## Instructions to follow
A word-for-word retyping of the listing below is required, with the pictures dropped.

## Supplied information
------------------------------------------------------------------------

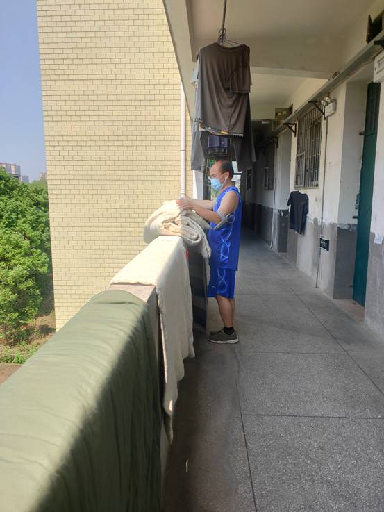 老师们按照被子上的编号,依次把被褥晾晒到学校专门准备的晾晒绳上,并认真寝室擦扫地面,擦拭书桌,整理桌面物品,将卫生死角打扫地干干净净。3天内56名老师共打扫了45间毕业生寝室。
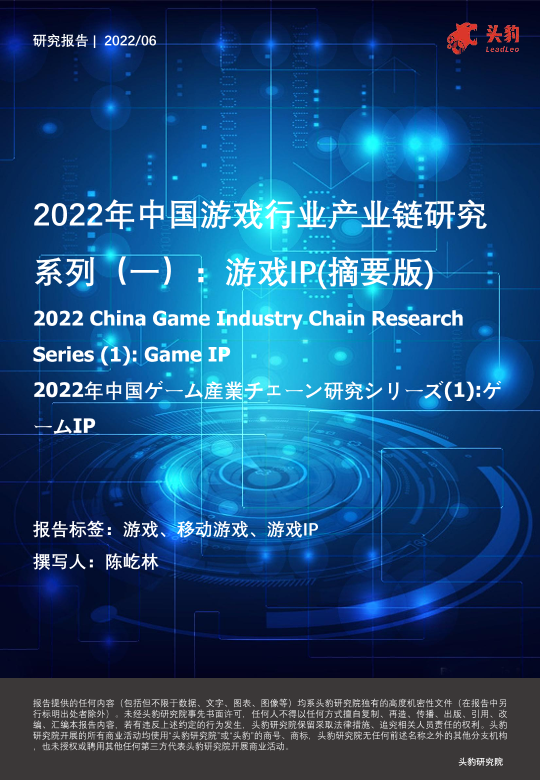 【头豹研究院】【202206】2022年中国游戏行业产业链研究系列(一)-游戏IP(摘要版)-16页
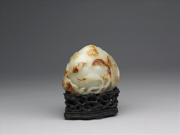 白玉帶黃赭斑。全器作桃形,巧雕蝙蝠及枝葉。附木座及錦袱,錦袱一面黃綾,另一面為菱形格錦。

------------------------------------------------------------------------

## Your solution
 老师们按照被子上的编号,依次把被褥晾晒到学校专门准备的晾晒绳上,并认真寝室擦扫地面,擦拭书桌,整理桌面物品,将卫生死角打扫地干干净净。3天内56名老师共打扫了45间毕业生寝室。
 【头豹研究院】【202206】2022年中国游戏行业产业链研究系列(一)-游戏IP(摘要版)-16页
 白玉帶黃赭斑。全器作桃形,巧雕蝙蝠及枝葉。附木座及錦袱,錦袱一面黃綾,另一面為菱形格錦。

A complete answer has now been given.